Reproduce the listing exactly. Omit pictures.

(Data below Opens)

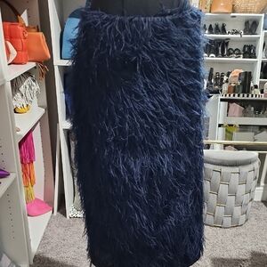 Stylish navy pencil skirt with feathered texture. Adds elegance to any outfit.
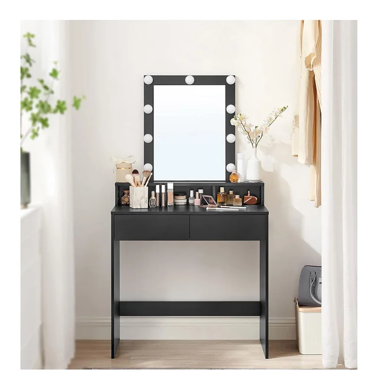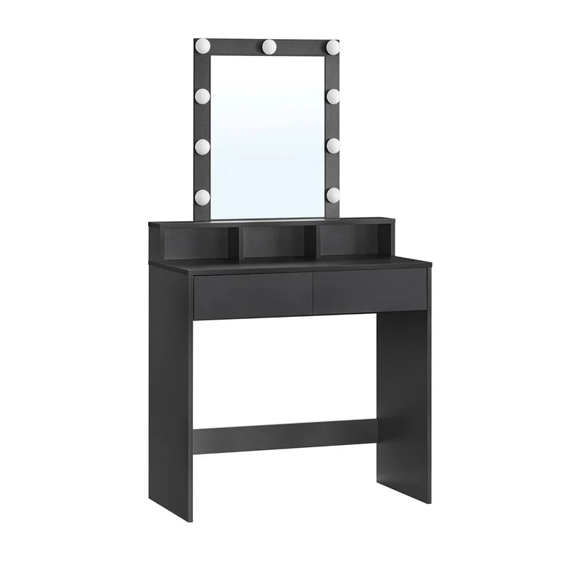 Ξύλινο Μπουντουάρ με Καθρέπτη και Φωτισμό 80 x 40 x 145 cm Χρώματος Μαύρο VASAGLE RDT114T16
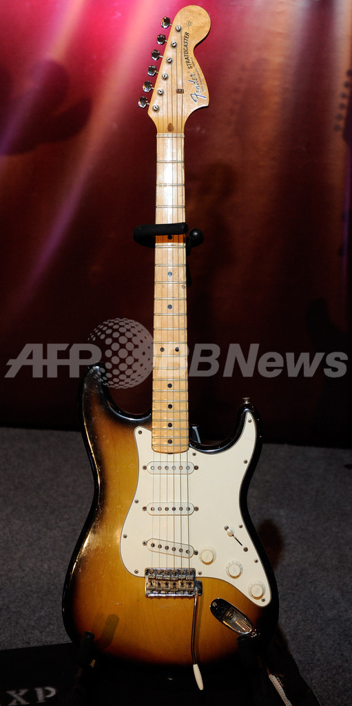 米ラスベガス(Las Vegas)で前週、米エンターテインメント界のレジェンドたちにまつわる品を集めたオークションが行われ、マリリン・モンロー(Marilyn Monroe)やジミ・ヘンドリックス(Jimi Hendrix)などのゆかりの品々が出品された。写真は、18万ドル(約1600万円)で落札されたジミ・ヘンドリックスが所有していたフェンダー・ストラトキャスター(Fender Stratocaster)のギター(2010年6月24日撮影)。(c)AFP/Getty Images/Ethan Miller

(Data below Closes)

» Answer:
 Stylish navy pencil skirt with feathered texture. Adds elegance to any outfit.
 Ξύλινο Μπουντουάρ με Καθρέπτη και Φωτισμό 80 x 40 x 145 cm Χρώματος Μαύρο VASAGLE RDT114T16
 米ラスベガス(Las Vegas)で前週、米エンターテインメント界のレジェンドたちにまつわる品を集めたオークションが行われ、マリリン・モンロー(Marilyn Monroe)やジミ・ヘンドリックス(Jimi Hendrix)などのゆかりの品々が出品された。写真は、18万ドル(約1600万円)で落札されたジミ・ヘンドリックスが所有していたフェンダー・ストラトキャスター(Fender Stratocaster)のギター(2010年6月24日撮影)。(c)AFP/Getty Images/Ethan Miller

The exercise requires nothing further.